İsimler, semboller ve izlek I. Dünya Savaşı Avusturya'sını yansıtsa da, anlatılanlar çok geçmeden biz seyircilere tanıdık gelmeye başlıyor. Egemenlerin tarihin her devrinde bir paylaşım savaşı çıkarma konusunda nasıl da yetenekli olduklarını izliyoruz.

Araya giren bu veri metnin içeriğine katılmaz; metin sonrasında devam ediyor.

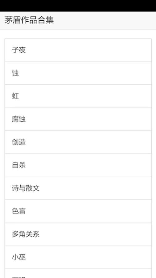 《茅盾作品合集》收录了:子夜、蚀、虹、腐蚀、创造、自杀、诗与散文、色盲、多角关系、小巫、石碣、锻炼、有志者、大鼻子的故事、烟云、手的故事、水藻行、报施、霜叶红似二月花、霜叶红似二月花续稿、林家铺子、春蚕。

Çek yazar Jaroslav Hasek, gençlik yıllarında anarşist harekete katıldı. “Komuna” adlı anarşist derginin editörlüğünü üstlendi. Birçok kez gözaltına alındı ve tutuklandı. I. Dünya Savaşı öncesinde 16 öykü ve bir de şiir kitabı bulunuyordu. Savaş başladığında Avusturya-Macaristan ordusuna alındı. Doğu cephesinde esir alınmasının ardından birkaç yıl Rusya'da kamplarda kaldı. Kamp kumandanının sekreteri oldu. Rusya'dayken savaşın "Vatansız Ordu'su" olarak bilinen Çekoslavak Lejyonu'na üye oldu. Daha sonra da bolşeviklere katıldı. 1918'de Çekoslovakya'nın kuruluşunun ilan edilmesiyle başkent Prag'a döndü. Yazarlık birikimi ve bizzat yaşamında deneyimledikleriyle bütün zamanını "Aslan Asker Şvayk"ı yazmaya ayırdı. Altı ciltlik bir dizi olarak düşündüğü eserinin dördüncü cildini yazarken askerdeyken, savaş yıllarında kaptığı tüberküloz hastalığından kaynaklı yaşamını kaybetti.
 
60 dile çevrilen kitap, Türkiye'deki okurlarıyla ancak 1980 yılında tanışabildi. Bununla birlikte 1963'ten itibaren tiyatro sahnelerinde kendisine yer buldu. Arena Tiyatrosu'ndan Genco Erkal'ın Dostlar Tiyatrosu'na, farklı şehir tiyatrolarının uyarlamaları ile seyirci ile buluştu "Aslan Asker Şvayk". 1970'in ortalarından itibaren ise Bertolt Brecht'in, Şvayk'ı II. Dünya Savaşı'na taşıdığı uyarlamalar yapılmaya başlandı.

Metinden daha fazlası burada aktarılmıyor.